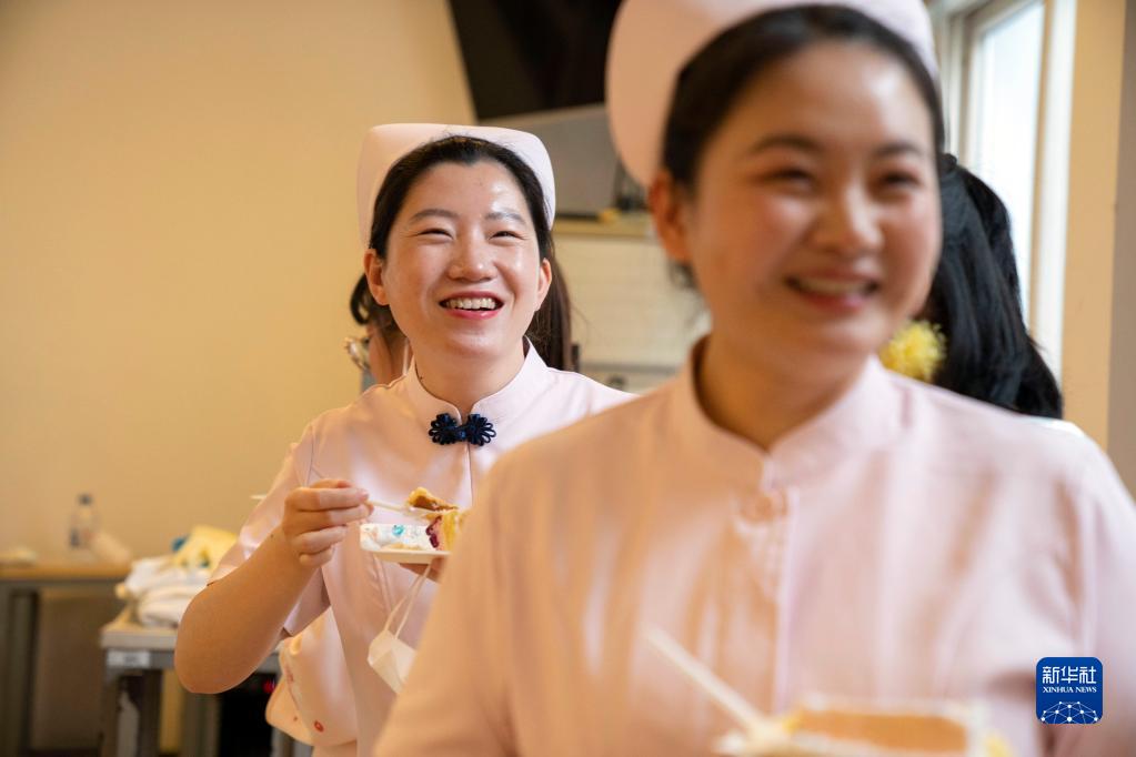 5月11日,在北京按摩醫(yī)院舉行的國際護(hù)士節(jié)慶?;顒?dòng)上,醫(yī)護(hù)人員吃蛋糕。
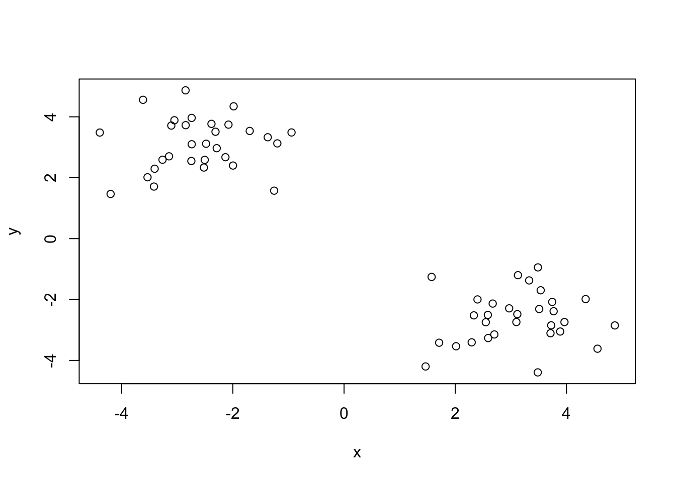 km<-kmeans(x,centers=2)
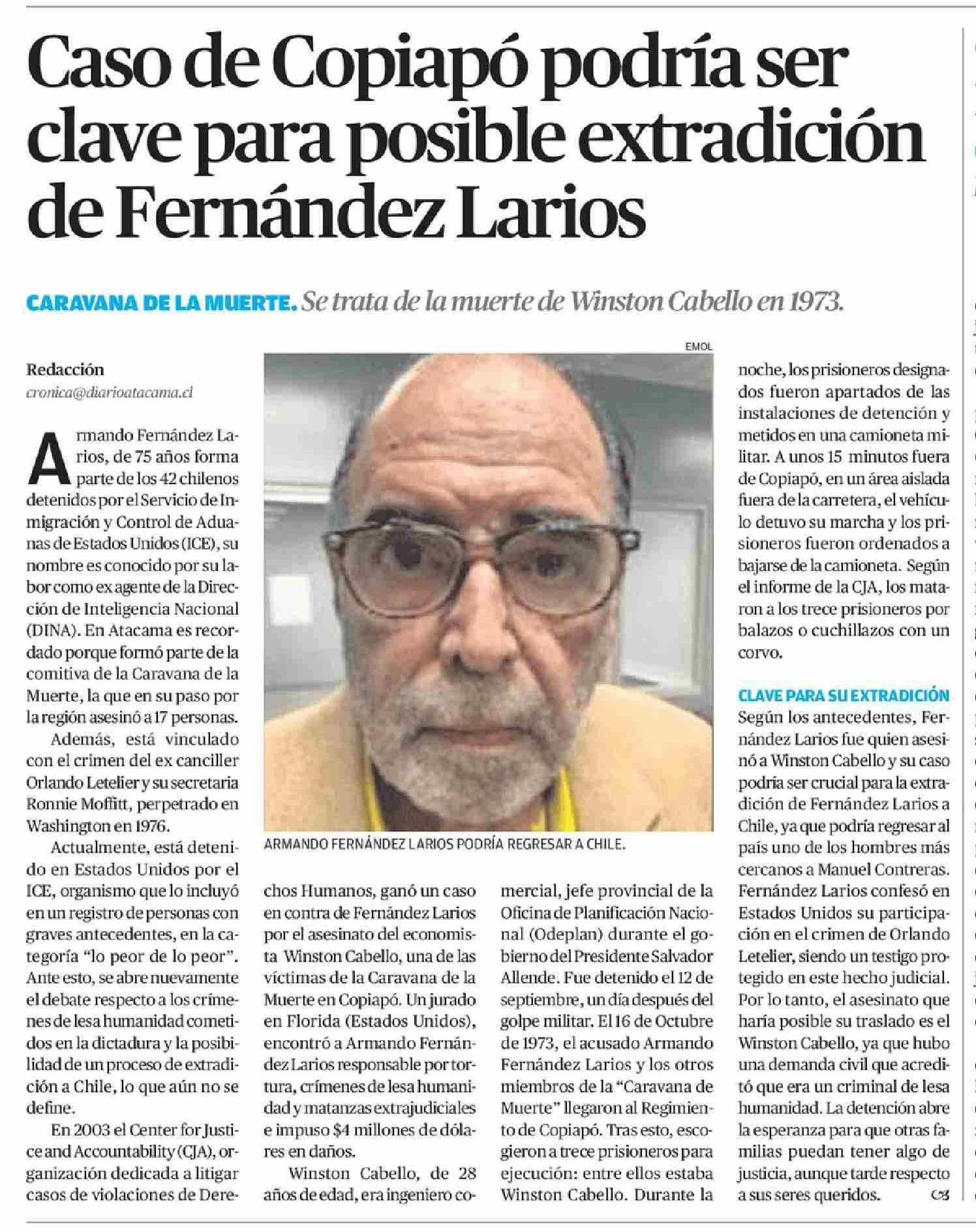 Caso de Copiapó podría ser clave para posible extradición de Fernández Larios 06-02-2026 El Diario de Atacama |
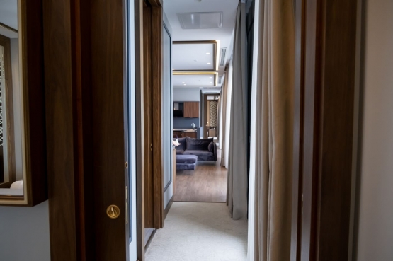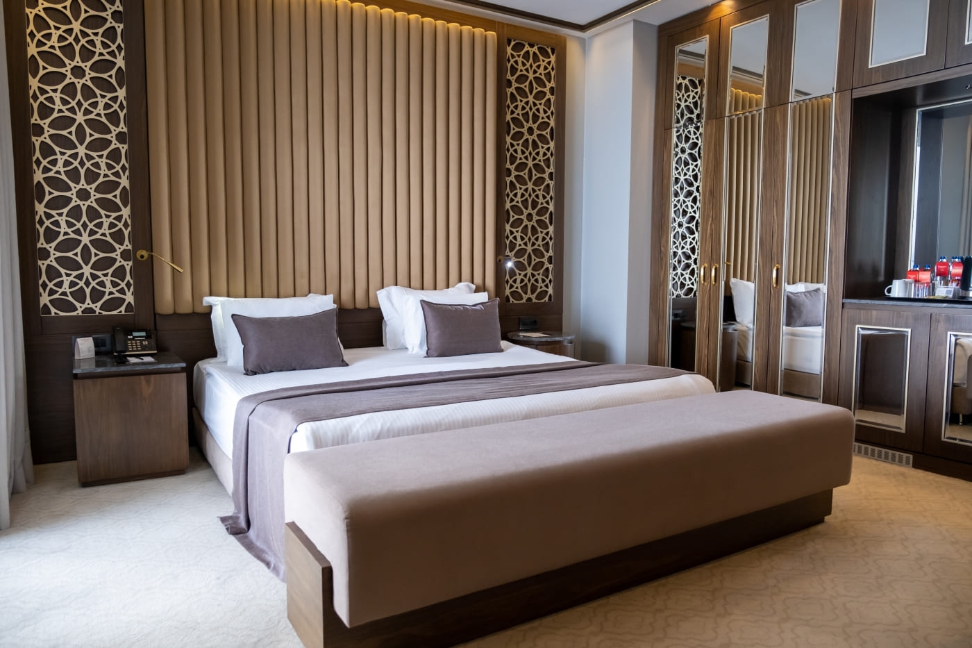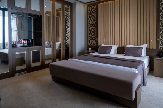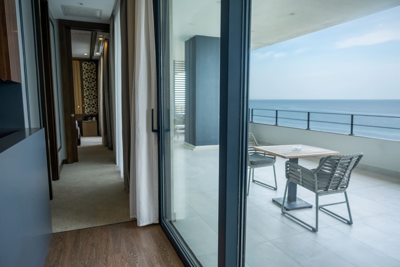 Konfor ve toplantı ihtiyaçlarınızı karşılayan, özel ekipmanlarla donatılmış ayrı toplantı bölümü, mutfak ve oturma alanı ile doğa ve deniz manzaralı odalarımız, iki ayrı balkonlu, zemini halı olan odalar, içerisinde rahat bir oturma bölümü, toplantı masası, koltuk ve oturma alanı, mutfak, 2 kişilik geniş yatak, çay – kahve set up’ı, duş, iki ayrı tuvalet, merkezi klima sistemi, Smart LED IP TV, direkt aramalı telefon, banyolarda telefon, mini bar, 24 saat oda servisi, çalışma masası, ücretsiz Wi-Fi internet erişimi, elektronik kasa, saç kurutma makinesi, makyaj aynası, terlik ve yastık servisimiz vardır.

----------

_WORK REQUIRED_
Pictures are to be omitted. Print exactly the lines from the line containing "Caso de Copiapó" through the final line of the material above, both included.

_ANSWER TO THE PROBLEM_
 Caso de Copiapó podría ser clave para posible extradición de Fernández Larios 06-02-2026 El Diario de Atacama |
 Konfor ve toplantı ihtiyaçlarınızı karşılayan, özel ekipmanlarla donatılmış ayrı toplantı bölümü, mutfak ve oturma alanı ile doğa ve deniz manzaralı odalarımız, iki ayrı balkonlu, zemini halı olan odalar, içerisinde rahat bir oturma bölümü, toplantı masası, koltuk ve oturma alanı, mutfak, 2 kişilik geniş yatak, çay – kahve set up’ı, duş, iki ayrı tuvalet, merkezi klima sistemi, Smart LED IP TV, direkt aramalı telefon, banyolarda telefon, mini bar, 24 saat oda servisi, çalışma masası, ücretsiz Wi-Fi internet erişimi, elektronik kasa, saç kurutma makinesi, makyaj aynası, terlik ve yastık servisimiz vardır.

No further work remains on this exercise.